Patients had received a median of two prior lines of therapy, and three of them were refractory to lenalidomide.
The overall response rate was 100% in the dose-escalation phase with median follow-up duration of 13 months and 87% in the expansion phase of the study with median follow-up duration of 6 months. In patients who were treated for at least 6 months, 75% achieved a very good partial response or better. The majority of patients had at least a 50% reduction in M protein.
“The data from part 1 are mature and show an impressive rate of complete response (31%),” Dr. Plesner reported. “And the early results from part 2 are consistent with part 1. Our median follow-up is still less than 6 months and only 2.7 months for the last patient dosed in this analysis.”
Of 45 patients, 19 had infusion reactions, but most (86%) occurred during the first infusion only, and all but one patient recovered and were able to continue with subsequent infusions.
Phase III clinical development of daratumumab in combination with lenalidomide/dexamethasone is ongoing in both the relapsed/refractory and front-line settings.
Paul Richardson, MD, Clinical Program Director and Director of Clinical Research at the Jerome Lipper Multiple Myeloma Center at Dana-Farber Cancer Institute, Boston, who moderated the oral session, called the data “remarkable.” He said, “monoclonal antibodies have activity in high-risk disease and represent truly novel mechanisms of action” and suggested that the combination of monoclonal antibodies and pomalidomide will produce excellent outcomes in the future. ■
Disclosure: Dr.
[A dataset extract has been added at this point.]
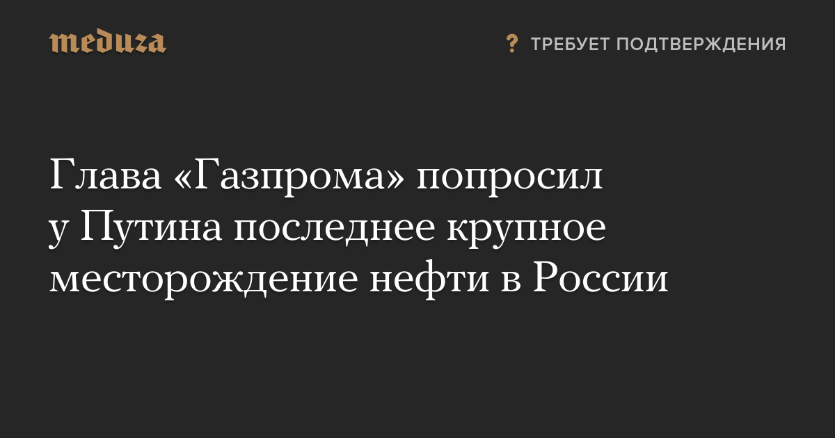 Глава «Газпрома» попросил у Путина последнее крупное месторождение нефти в России

Martin has received research funding from Sanofi and is on the speakers bureau for Novartis. Dr. Moreau has received honoraria from Janssen and is a member of Janssen’s Board of Directors or advisory committees. Dr. Plesner is a consultant with Genmab and a member of Janssen’s and Celgene’s Board of Directors or advisory committees. Dr. Richardson reported no potential conflicts of interest.
References
1. Martin TG III, Baz R, Benson DM, et al: A phase 1b dose escalation trial of SAR650984 (anti-CD-38 mAb) in combination with lenalidomide and dexamethasone in relapsed/refractory multiple myeloma. 2014 ASH Annual Meeting. Abstract 83. Presented December 7, 2014.
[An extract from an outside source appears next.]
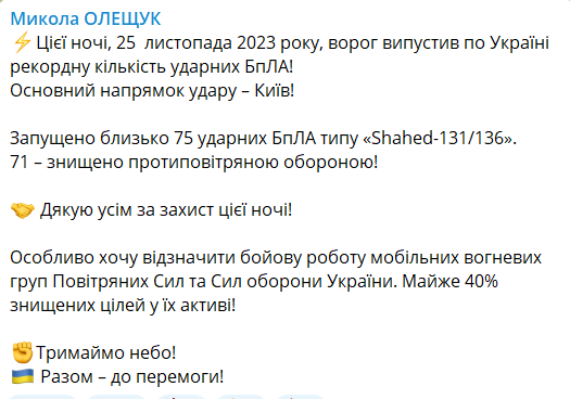 08:59 Ночью россияне выпустили по Украине рекордное число дронов - 75 единиц. 71 из них удалось сбить, заявил командующий Воздушных сил Олещук.

2. Moreau P, Mateos M-V, Bladé J, et al: An open-label, multicenter, phase 1b study of daratumumab in combination with backbone regimens in patients with multiple myeloma. 2014 ASH Annual Meeting. Abstract 176. Presented December 7, 2014.
3. Plesner T, Arkenau H-T, Lokhorst HM, et al: Safety and efficacy of daratumumab with lenalidomide and dexamethasone in relapsed or relapsed, refractory multiple myeloma. 2014 ASH Annual Meeting. Abstract 84. Presented December 7, 2014.